_What is needed_. Once you reach the line with "- Put peanuts", copy it and every line after it exactly, up to the end of the data. Omit the pictures.

_Recorded data_.
......

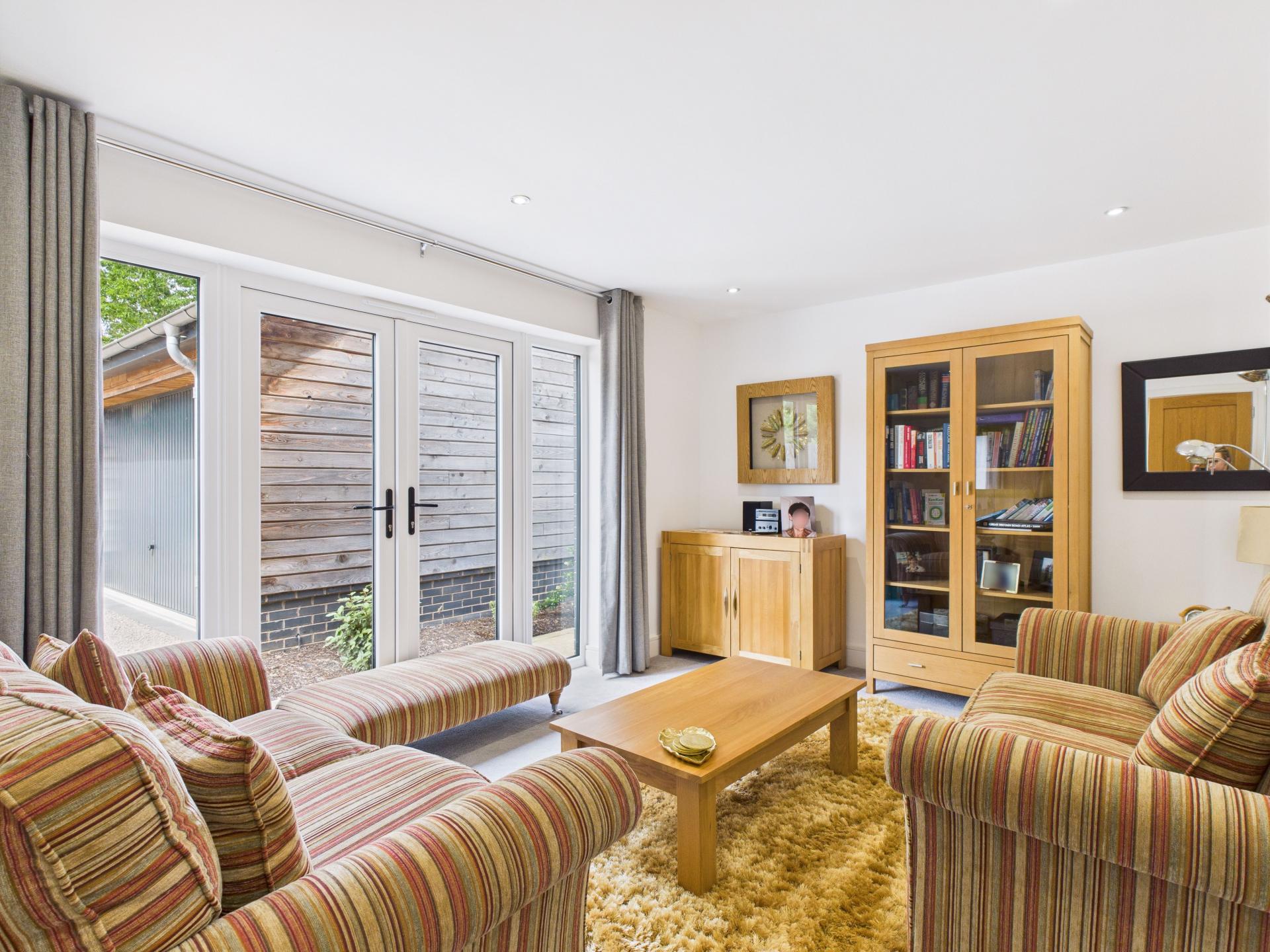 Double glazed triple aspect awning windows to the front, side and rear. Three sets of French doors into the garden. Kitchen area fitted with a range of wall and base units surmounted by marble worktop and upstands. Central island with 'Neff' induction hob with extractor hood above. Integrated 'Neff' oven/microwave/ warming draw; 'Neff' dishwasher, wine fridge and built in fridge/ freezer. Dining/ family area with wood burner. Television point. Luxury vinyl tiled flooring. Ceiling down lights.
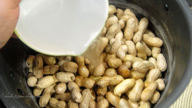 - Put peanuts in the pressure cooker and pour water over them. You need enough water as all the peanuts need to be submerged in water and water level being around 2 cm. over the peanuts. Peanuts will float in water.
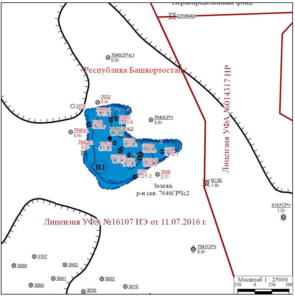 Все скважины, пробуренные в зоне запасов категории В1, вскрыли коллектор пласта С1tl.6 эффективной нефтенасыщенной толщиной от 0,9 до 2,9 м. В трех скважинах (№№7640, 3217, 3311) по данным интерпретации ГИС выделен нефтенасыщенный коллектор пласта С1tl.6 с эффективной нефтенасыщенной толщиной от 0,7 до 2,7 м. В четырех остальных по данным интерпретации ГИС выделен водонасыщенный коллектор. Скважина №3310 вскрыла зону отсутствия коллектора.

......

_Exercise solution_.
 - Put peanuts in the pressure cooker and pour water over them. You need enough water as all the peanuts need to be submerged in water and water level being around 2 cm. over the peanuts. Peanuts will float in water.
 Все скважины, пробуренные в зоне запасов категории В1, вскрыли коллектор пласта С1tl.6 эффективной нефтенасыщенной толщиной от 0,9 до 2,9 м. В трех скважинах (№№7640, 3217, 3311) по данным интерпретации ГИС выделен нефтенасыщенный коллектор пласта С1tl.6 с эффективной нефтенасыщенной толщиной от 0,7 до 2,7 м. В четырех остальных по данным интерпретации ГИС выделен водонасыщенный коллектор. Скважина №3310 вскрыла зону отсутствия коллектора.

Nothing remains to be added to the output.